Abstract:
The transmission and expression of disease in wild animal populations is a complex interaction of host, pathogen and environmental factors. The individual fitness of a host may be negatively impacted by pathogenic bacteria in a number of ways including increased predation risk and reduced survival and reproductive output. Salmonellosis is an important zoonotic disease resulting in significant morbidity and mortality in populations of wild reptiles, birds and mammals throughout the world, and herpetofaunal species have often been implicated as shedders and transmitters of Salmonella globally. To better understand the unique threats to New Zealand native wildlife, I investigated spatio-temporal dynamics of Salmonella in an island ecosystem, and selected one species, tuatara (Sphenodon punctatus) (an endemic New Zealand reptile), for in-depth immunological analyses. I collected cloacal swabs and faecal samples from native wildlife on Stephens Island repeatedly between October 2009 and October 2011. While Salmonella was isolated from 6.5% of native skinks and 8% of the soil samples, intestinal carriage of Salmonella was not detected in the more than 600 cloacal swabs collected from wild tuatara, despite these tuatara living in close proximity to Salmonella-positive skinks or soil. In context, the lack of Salmonella detected in tuatara in this and other studies raises the question of whether tuatara are innately resistant to Salmonella.

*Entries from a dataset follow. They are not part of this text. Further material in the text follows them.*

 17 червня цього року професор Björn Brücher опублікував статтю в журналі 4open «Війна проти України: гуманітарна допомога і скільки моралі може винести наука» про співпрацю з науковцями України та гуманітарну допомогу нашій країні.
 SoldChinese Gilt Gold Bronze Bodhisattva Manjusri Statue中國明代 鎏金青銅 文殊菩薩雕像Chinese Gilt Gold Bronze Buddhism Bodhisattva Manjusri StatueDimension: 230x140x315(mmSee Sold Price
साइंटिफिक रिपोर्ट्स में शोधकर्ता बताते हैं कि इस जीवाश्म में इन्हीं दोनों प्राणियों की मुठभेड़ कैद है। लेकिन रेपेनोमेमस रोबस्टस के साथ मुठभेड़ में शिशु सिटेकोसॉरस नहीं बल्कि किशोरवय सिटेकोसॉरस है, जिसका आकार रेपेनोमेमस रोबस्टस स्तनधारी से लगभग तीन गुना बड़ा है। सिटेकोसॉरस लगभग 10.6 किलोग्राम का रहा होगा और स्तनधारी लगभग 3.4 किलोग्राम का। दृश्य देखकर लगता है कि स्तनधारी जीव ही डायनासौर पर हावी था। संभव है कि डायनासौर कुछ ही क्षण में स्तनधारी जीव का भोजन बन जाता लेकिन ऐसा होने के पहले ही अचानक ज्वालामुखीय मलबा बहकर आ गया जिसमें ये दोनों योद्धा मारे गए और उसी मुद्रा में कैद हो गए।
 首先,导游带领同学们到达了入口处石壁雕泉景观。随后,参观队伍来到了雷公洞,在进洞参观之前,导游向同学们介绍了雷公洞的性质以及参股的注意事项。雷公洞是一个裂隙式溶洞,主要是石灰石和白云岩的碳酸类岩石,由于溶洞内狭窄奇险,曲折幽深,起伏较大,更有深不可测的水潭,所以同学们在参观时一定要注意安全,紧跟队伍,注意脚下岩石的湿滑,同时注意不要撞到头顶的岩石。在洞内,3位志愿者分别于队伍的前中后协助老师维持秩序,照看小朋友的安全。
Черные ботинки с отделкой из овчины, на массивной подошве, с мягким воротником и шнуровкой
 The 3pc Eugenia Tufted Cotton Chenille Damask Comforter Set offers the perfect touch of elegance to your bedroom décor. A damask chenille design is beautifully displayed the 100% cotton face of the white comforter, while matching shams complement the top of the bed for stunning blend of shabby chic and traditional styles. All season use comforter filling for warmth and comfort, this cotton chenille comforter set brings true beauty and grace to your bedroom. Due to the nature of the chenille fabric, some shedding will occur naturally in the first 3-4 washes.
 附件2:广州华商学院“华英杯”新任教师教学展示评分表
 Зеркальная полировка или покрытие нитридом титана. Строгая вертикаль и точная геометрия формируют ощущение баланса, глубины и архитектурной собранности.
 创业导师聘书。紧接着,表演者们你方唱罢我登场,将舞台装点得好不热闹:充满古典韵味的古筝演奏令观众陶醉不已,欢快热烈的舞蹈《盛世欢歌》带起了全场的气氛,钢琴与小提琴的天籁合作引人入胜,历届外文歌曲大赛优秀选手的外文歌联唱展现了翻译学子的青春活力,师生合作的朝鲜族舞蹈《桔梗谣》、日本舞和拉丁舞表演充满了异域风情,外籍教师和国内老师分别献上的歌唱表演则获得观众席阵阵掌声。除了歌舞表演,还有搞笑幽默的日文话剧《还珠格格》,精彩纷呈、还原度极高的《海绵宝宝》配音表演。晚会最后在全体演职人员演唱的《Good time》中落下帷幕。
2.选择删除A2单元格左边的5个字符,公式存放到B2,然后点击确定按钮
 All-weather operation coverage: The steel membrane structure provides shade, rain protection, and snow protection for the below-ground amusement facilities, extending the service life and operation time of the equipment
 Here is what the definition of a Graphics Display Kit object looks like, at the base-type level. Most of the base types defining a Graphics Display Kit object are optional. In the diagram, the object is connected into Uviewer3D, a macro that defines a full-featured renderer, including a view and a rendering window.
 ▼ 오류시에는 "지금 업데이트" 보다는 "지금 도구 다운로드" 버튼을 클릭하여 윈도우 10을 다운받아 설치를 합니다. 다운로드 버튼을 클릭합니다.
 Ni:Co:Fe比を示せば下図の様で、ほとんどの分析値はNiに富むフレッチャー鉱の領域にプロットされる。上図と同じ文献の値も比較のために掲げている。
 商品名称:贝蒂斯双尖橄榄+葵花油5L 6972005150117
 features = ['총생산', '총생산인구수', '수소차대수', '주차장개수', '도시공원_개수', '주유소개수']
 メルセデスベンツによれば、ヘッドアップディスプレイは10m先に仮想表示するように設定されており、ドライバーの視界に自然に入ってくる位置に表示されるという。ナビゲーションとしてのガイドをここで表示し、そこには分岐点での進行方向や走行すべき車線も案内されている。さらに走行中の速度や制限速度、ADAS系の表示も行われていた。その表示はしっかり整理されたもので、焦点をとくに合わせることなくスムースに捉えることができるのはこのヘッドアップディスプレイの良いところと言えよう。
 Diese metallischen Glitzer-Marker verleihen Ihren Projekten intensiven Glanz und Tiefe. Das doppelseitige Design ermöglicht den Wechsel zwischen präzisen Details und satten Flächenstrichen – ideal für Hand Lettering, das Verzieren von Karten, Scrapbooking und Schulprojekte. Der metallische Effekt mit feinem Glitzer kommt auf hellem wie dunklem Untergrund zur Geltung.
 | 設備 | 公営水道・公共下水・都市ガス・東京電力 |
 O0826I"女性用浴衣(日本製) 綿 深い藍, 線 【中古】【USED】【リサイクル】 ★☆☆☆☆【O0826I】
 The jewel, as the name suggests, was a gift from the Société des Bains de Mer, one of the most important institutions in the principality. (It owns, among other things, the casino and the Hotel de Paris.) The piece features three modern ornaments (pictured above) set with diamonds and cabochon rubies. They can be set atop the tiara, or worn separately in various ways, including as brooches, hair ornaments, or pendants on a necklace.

To test this hypothesis I examined aspects of innate and adaptive immune responses in tuatara serum. Immune measurements included in vitro anti-microbial activity of serum and antibody recognition of bacterial antigens. Serum was tested against three closely related enteric pathogens, including Salmonella, in order to establish the importance of cross-reactivity in the strength of immune responses observed. I found that tuatara possess antibodies which recognise Salmonella antigens by Western blot and flow cytometry. I also determined that the anti-microbial activity of tuatara serum was approximately 6-fold higher than donkey or mouse sera, but showed similar activity to other reptilian species tested. These findings are the first report of both environmentally-induced anti-Salmonella antibodies and anti-microbial activity in tuatara serum. Taken together, these studies investigating the distribution and
seasonality of Salmonella within the environment and evaluating anti-Salmonella immune responses in tuatara will help to inform decisions about disease screening and animal movements to maintain the health of native fauna.